Collected data:
+++

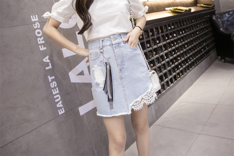 高腰牛仔裙半身裙女蕾絲拼接磨破A字裙包臀短裙破洞褲裙半裙夏季
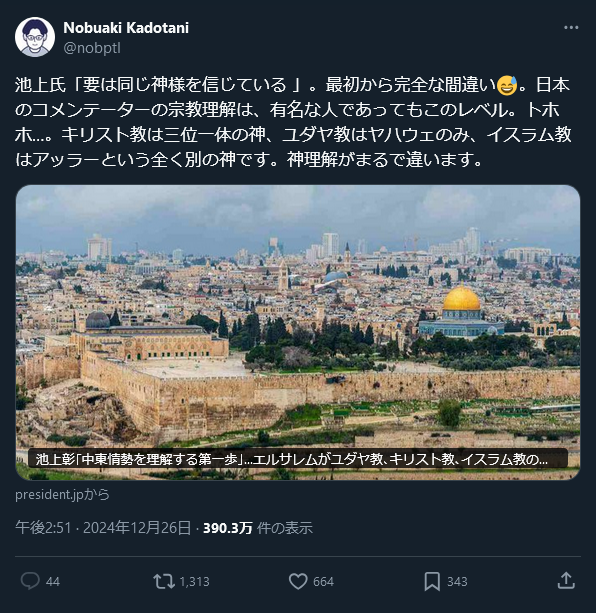 ユダヤキリストイスラムの信仰する神が同じってすげえよな
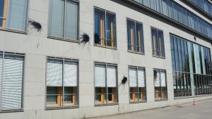 Das Haus der Deutschen Wirtschaft steht aber für weit mehr als dieses Treffen im Rahmen des G20. Mit der Bundesvereinigung der Deutschen Arbeitgeberverbände (BDA), dem Bundesverband der Deutschen Industrie (BDI) und dem Deutschen Industrie- und Handelskammertag (DIHK), haben hier die einflussreichsten Lobbyisten der Deutschen Wirtschaft ihr zu Hause. Diese Verbände sind treibende Kraft im System der Ausbeutung und über die Grenzen Deutschlands hinaus mitverantwortlich für Lohnsklaverei, Armut und Kriege. Hier sitzen die Profiteure der kapitalistischen Krise, die auf dem Rücken der zur Arbeit Verdammten dicke Gewinne einstreichen. Dieser Ort ist Ausdruck von Macht und Herrschaft über unser Leben.Deswegen haben wir in der Nacht zum 1.Juni das Haus der Deutschen Wirtschaft mit Farbe beworfen und mit Steinen durchlöchert.
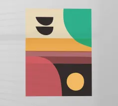 A geometric composition features a stylized orange fish against a backdrop of colored rectangles and circles, blending teal, black, and green shades. Bold shapes and contrasting colors create a modern, abstract aesthetic.

+++

What the exercise asks: Please output the material above unchanged, apart from removing the pictures.

Reply to the exercise:
 高腰牛仔裙半身裙女蕾絲拼接磨破A字裙包臀短裙破洞褲裙半裙夏季
 ユダヤキリストイスラムの信仰する神が同じってすげえよな
 Das Haus der Deutschen Wirtschaft steht aber für weit mehr als dieses Treffen im Rahmen des G20. Mit der Bundesvereinigung der Deutschen Arbeitgeberverbände (BDA), dem Bundesverband der Deutschen Industrie (BDI) und dem Deutschen Industrie- und Handelskammertag (DIHK), haben hier die einflussreichsten Lobbyisten der Deutschen Wirtschaft ihr zu Hause. Diese Verbände sind treibende Kraft im System der Ausbeutung und über die Grenzen Deutschlands hinaus mitverantwortlich für Lohnsklaverei, Armut und Kriege. Hier sitzen die Profiteure der kapitalistischen Krise, die auf dem Rücken der zur Arbeit Verdammten dicke Gewinne einstreichen. Dieser Ort ist Ausdruck von Macht und Herrschaft über unser Leben.Deswegen haben wir in der Nacht zum 1.Juni das Haus der Deutschen Wirtschaft mit Farbe beworfen und mit Steinen durchlöchert.
 A geometric composition features a stylized orange fish against a backdrop of colored rectangles and circles, blending teal, black, and green shades. Bold shapes and contrasting colors create a modern, abstract aesthetic.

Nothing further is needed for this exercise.